From: Josef Bacik <josef@toxicpanda.com>
To: Filipe Manana <fdmanana@kernel.org>
Cc: linux-btrfs@vger.kernel.org
Subject: Re: [PATCH v2 13/15] btrfs: add a shrinker for extent maps
Date: Sun, 14 Apr 2024 09:02:24 -0400 [thread overview]
Message-ID: <20240414130224.GB1930433@perftesting> (raw)
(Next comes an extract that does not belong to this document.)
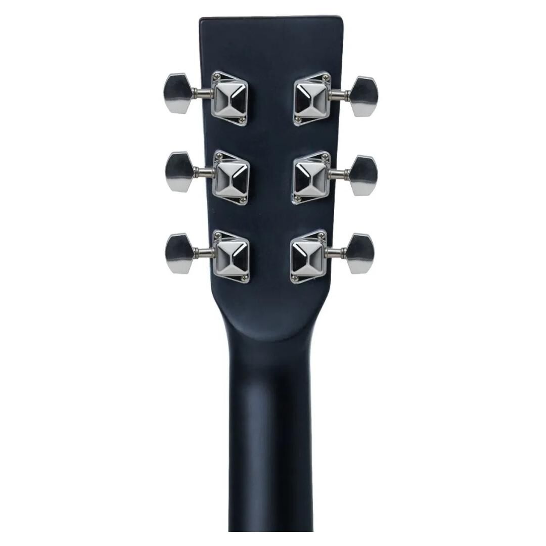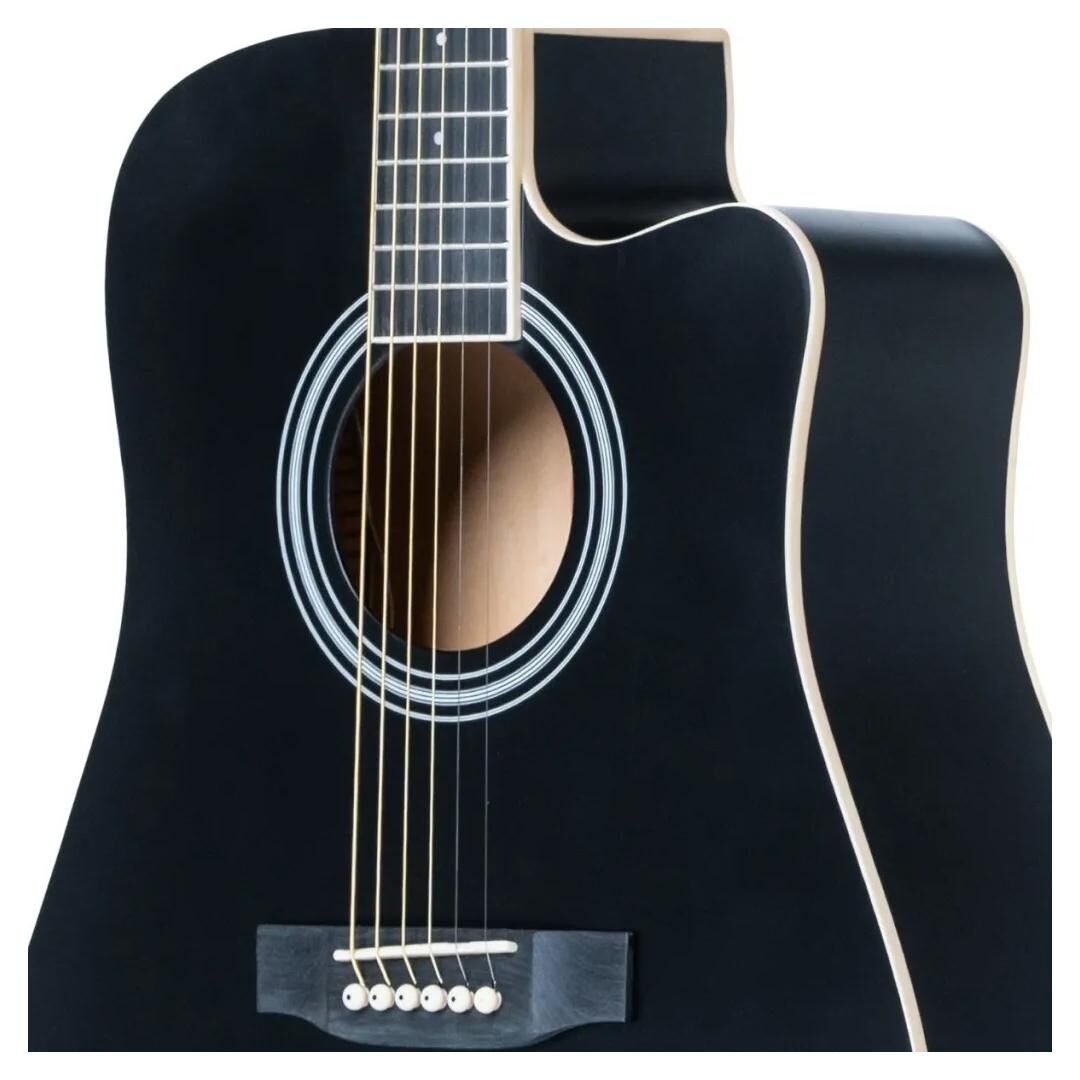 Die laminierte Fichtendecke (Top: Spruce) liefert Klarheit und Ansprache, während Boden und Zargen aus Linde (Basswood) für Wärme und runde Mitten sorgen. In der bewährten Dreadnought-Form bietet der Korpus viel Volumen, präsente Bässe und gute Projektion – ideal für Strumming, Akkordbegleitung und Fingerpicking. Der Cutaway erleichtert den Zugang zu den hohen Lagen, sodass Sololinien und Melodieläufe bequem erreichbar bleiben.

In-Reply-To: <CAL3q7H7VHRCKgh444KiAHYNg0ac8B+q9J1t7b_5zbd065=1ABw@mail.gmail.com>
On Sat, Apr 13, 2024 at 12:07:30PM +0100, Filipe Manana wrote:
> On Fri, Apr 12, 2024 at 9:07 PM Josef Bacik <josef@toxicpanda.com> wrote:
> >
> > On Thu, Apr 11, 2024 at 05:19:07PM +0100, fdmanana@kernel.org wrote:
> > > From: Filipe Manana <fdmanana@suse.com>
> > >
> > > Extent maps are used either to represent existing file extent items, or to
> > > represent new extents that are going to be written and the respective file
> > > extent items are created when the ordered extent completes.
> > >
> > > We currently don't have any limit for how many extent maps we can have,
> > > neither per inode nor globally. Most of the time this not too noticeable
> > > because extent maps are removed in the following situations:
> > >
> > > 1) When evicting an inode;
> > >
> > > 2) When releasing folios (pages) through the btrfs_release_folio() address
> > > space operation callback.
> > >
> > > However we won't release extent maps in the folio range if the folio is
> > > either dirty or under writeback or if the inode's i_size is less than
> > > or equals to 16M (see try_release_extent_mapping(). This 16M i_size
> > > constraint was added back in 2008 with commit 70dec8079d78 ("Btrfs:
> > > extent_io and extent_state optimizations"), but there's no explanation
> > > about why we have it or why the 16M value.
> > >
> > > This means that for buffered IO we can reach an OOM situation due to too
> > > many extent maps if either of the following happens:
> > >
> > > 1) There's a set of tasks constantly doing IO on many files with a size
> > > not larger than 16M, specially if they keep the files open for very
> > > long periods, therefore preventing inode eviction.
> > >
> > > This requires a really high number of such files, and having many non
> > > mergeable extent maps (due to random 4K writes for example) and a
> > > machine with very little memory;
> > >
> > > 2) There's a set tasks constantly doing random write IO (therefore
> > > creating many non mergeable extent maps) on files and keeping them
> > > open for long periods of time, so inode eviction doesn't happen and
> > > there's always a lot of dirty pages or pages under writeback,
> > > preventing btrfs_release_folio() from releasing the respective extent
> > > maps.
> > >
> > > This second case was actually reported in the thread pointed by the Link
> > > tag below, and it requires a very large file under heavy IO and a machine
> > > with very little amount of RAM, which is probably hard to happen in
> > > practice in a real world use case.
> > >
> > > However when using direct IO this is not so hard to happen, because the
> > > page cache is not used, and therefore btrfs_release_folio() is never
> > > called. Which means extent maps are dropped only when evicting the inode,
> > > and that means that if we have tasks that keep a file descriptor open and
> > > keep doing IO on a very large file (or files), we can exhaust memory due
> > > to an unbounded amount of extent maps. This is especially easy to happen
> > > if we have a huge file with millions of small extents and their extent
> > > maps are not mergeable (non contiguous offsets and disk locations).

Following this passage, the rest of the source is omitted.